He ended up stitching one-of-a-kind clothing in the early 1970s,
and for the next dozen years, he dressed rock stars like the
Winter Brothers; Emerson, Lake & Palmer; Cher; and the Stones.
A jacket he designed for Keith Richards hung in a special exhibit
in the Metropolitan Art Museum in New York last year.
He “just got tired” of the clothing scene in the
mid-1980s, so he went back to school and got a degree in architectural
design at the University of Texas, San Antonio. While there,
he got some work at Cyber Kinetics when Woody Smith was running
things. That’s when he started doing nightclubs, “because
I knew how to do lighting plots and draw to scale.” He
knew how to do more than that: His first club, Avalon in Houston
(now City Streets) was such a hit that he went on to do Iguana
Mirage, owned by Keith Black. That would earn him a Lighting
Designer of the Year award, thus cementing his reputation as
an innovator.
Has designing clothes for rock stars influenced your
lighting work? I suppose so. I tend to look at things
sculpturally and in three dimensions. I think it’s taught
me how to deal with clients, and being sensitive to their needs
has been helpful [see sidebar].
Then there’s the whole staring-at-a-blank-page thing.
How do you summon the muse? I consider great designs a gift
from God because I don’t know where they come from.
When earning your degree, did you plan on designing
nightclubs? No. I had planned to go into architecture,
but I really loved nightclubs. I love the theatrical aspects,
and the creativity that goes into them. Early on, I got an opportunity
to work for Michael Jackson’s father, who was building
a complex out in Vegas called Joe Jackson Celebrity Plaza. I
moved there to work on that project, but it never got built,
due to money problems.
Has that happened to you often? I’d say 50% of
the projects I’ve worked on have never gotten built. I’ve
gotten paid, but still. Trust, which was to be directly across
from Madison Square Garden, went under before it opened. Same
thing happened to Broadcast, another fantastic project, which
was going to be across the street from Caesar’s Palace
in Vegas.
People can be naïve about this business, and their eyes
get bigger than their wallets. You have to weigh the cost against
the how long the club is going to be popular – usually
an 18-month life expectancy. There are lots of people who “always
wanted to own a club,” but don’t know the nuts and
bolts of the business.
After the Jackson project fell through, did you stay
in Vegas? At that point, the Shark Club people started
working on a new location in LA, and I moved there and designed
that one.
Eventually I moved back to Vegas and worked with the Legend
show at the Imperial Palace and did scenic design for them.
After dabbling in clothes again, then working on the Kiss Psychocircus
3-D tour as a stage designer, I was contacted by Intelecon,
and moved to Dallas to head its design department, where I was
able to develop a design philosophy using computers and digital
technology.
What are the challenges of that technology?

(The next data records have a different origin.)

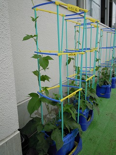 また、その隣では、1年生のアサガオのつるがすくすくと添え木に上まで伸びつつあります。
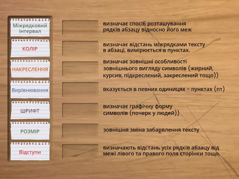 ШРИФТ - визначає графічну форму символів (почерк у людей)), РОЗМІР - вказується в певних одиницях - пунктах (пт), КОЛІР - зовнішня зміна забарвлення тексту , НАКРЕСЛЕННЯ - визначає зовнішні особливості зовнішнього вигляду символів (жирний, курсив, підкреслений, закреслений тощо)), Вирівнювання - визначає спосіб розташування рядків абзацу відносно його меж , Відступи - визначають відстань усіх рядків абзацу від межі лівого та правого поля сторінки тощо. , Міжрядковий інтервал - визначає відстань міжрядками тексту в абзаці, вимірюється в пунктах.,
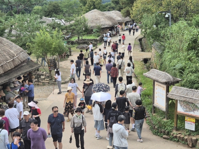 추석 연휴 순천 낙안읍성이 많은 관광객들로 붐비고 있다.
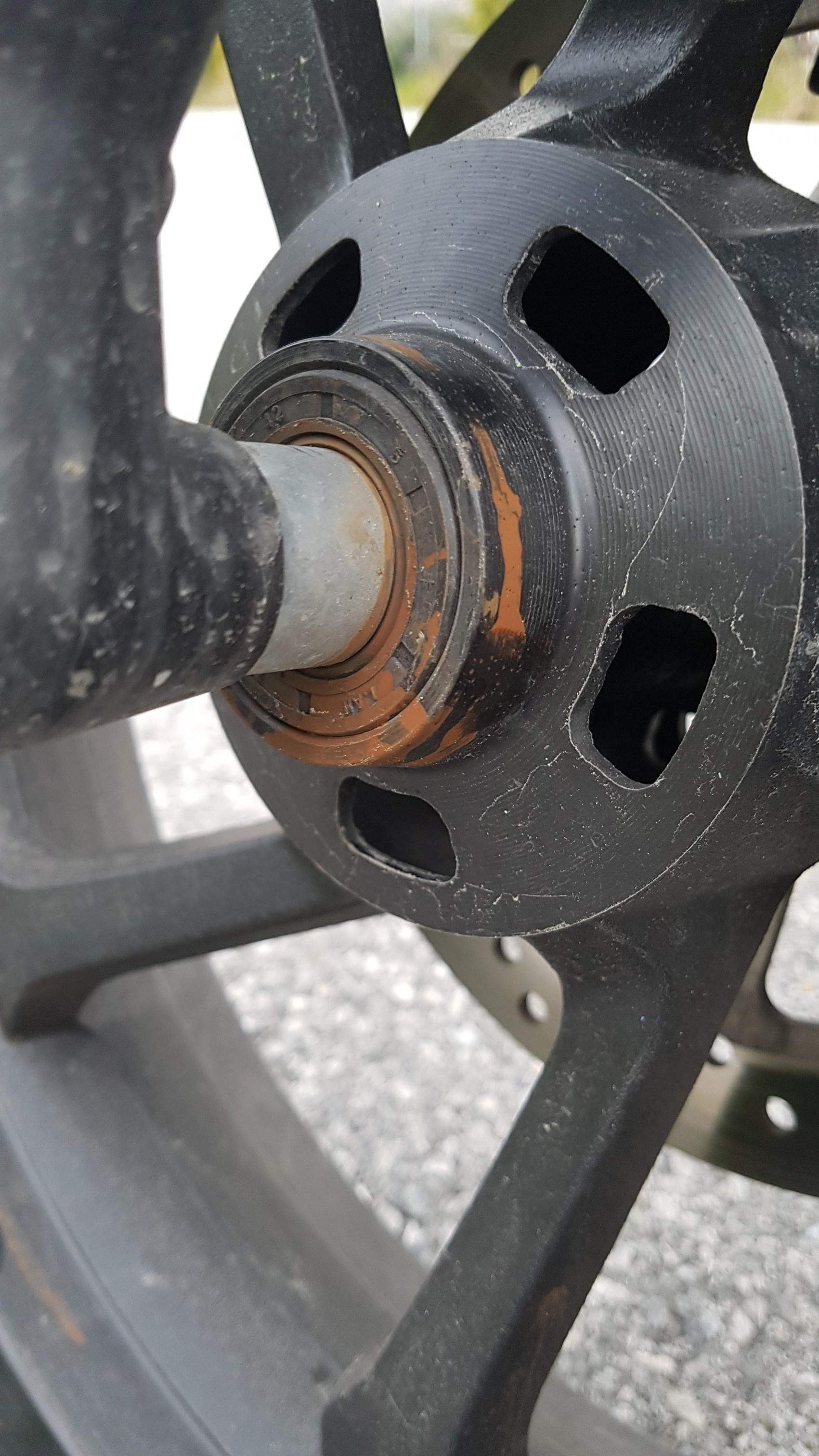 mir ist vor kurzem eine komische braune Farbe aufgefallen, die sich über meine Felge des Vorderrades verteilt hat. Bei genauerem Hinschauen konnt ich als Ursprung den Bereich der Vorderachse bzw. des Radlagers ausmachen (siehe Foto). Das Ganze muss irgendwo von innen kommen und hat sich dann durch die Fliehkraft über die Felge verteilt. Für mich schaut das nach nach rostiger Flüssigkeit aus.
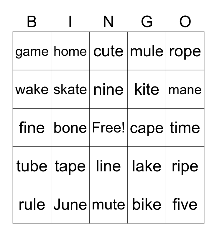 This bingo card has a free space and 24 words: tape, June, nine, rule, rope, game, wake, home, cape, line, kite, fine, lake, ripe, skate, bike, time, cute, mane, bone, five, tube, mule and mute.
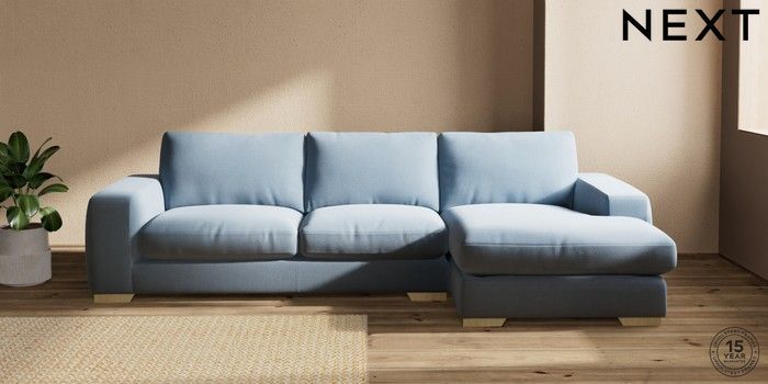 6.12.1 Buy Houghton Deep Relaxed Sit Large Sofa Chaise - Right Hand Relaxed Linen Look Mid Blue Large Square Angle - Light from the Next UK online shop Click here to use our accessible website
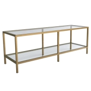 Locelso TV Stand | 100% gehärtetes Glas | 4mm Dicke | 100% Metallrahmen | Zahlreiche Ablagen | Gold
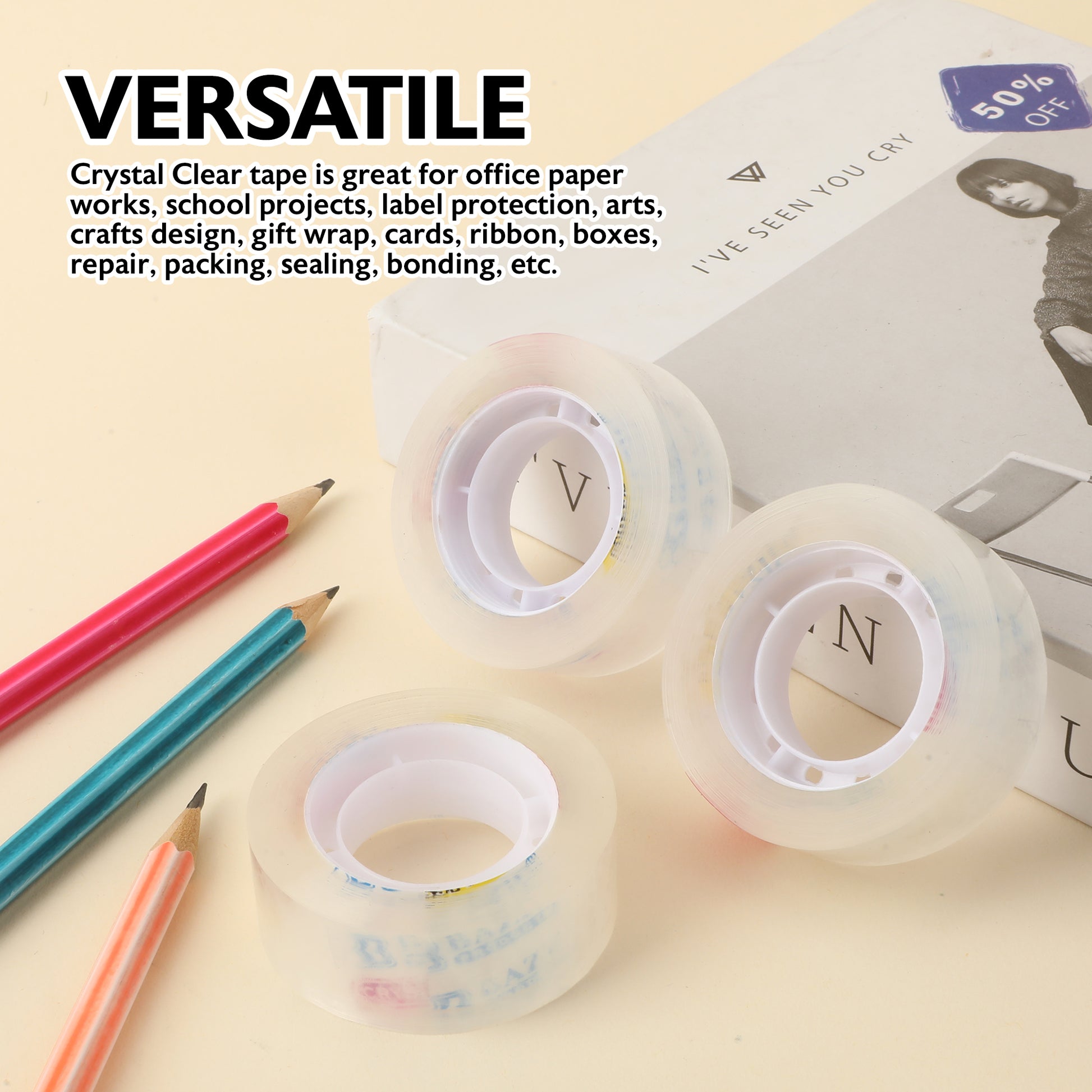 - VERSATILE. Crystal Clear tape is great for office paper works, school projects, label protection, arts, crafts design, gift wrap, cards, ribbon, boxes, repair, packing, sealing, bonding, etc.

What I have to do is create a landscape of projectable surfaces.
That’s where my scenic design background comes in –
I create a lot of spandex sculpture on the club landscape, and
then I paint with projection on these surfaces using computer
animation. It’s a quantum leap to me in terms of effects.
Now I have software where I can create lava flows and Tinkerbell
dust and just literally thousands of different types of effects.
But it takes the combination of lighting and projection together
to make it a seamless environment.
What approach to design do you think sets you apart?
Certainly computer animation, that’s one thing. The other
thing is because of my architectural background, I’m very
sensitive to surfaces – whether it’s spandex, white
paint, color flats, acrylic…whatever it is, I like to
take emerging technology and integrate it into scenic design.
What are you seeing in other clubs that you like?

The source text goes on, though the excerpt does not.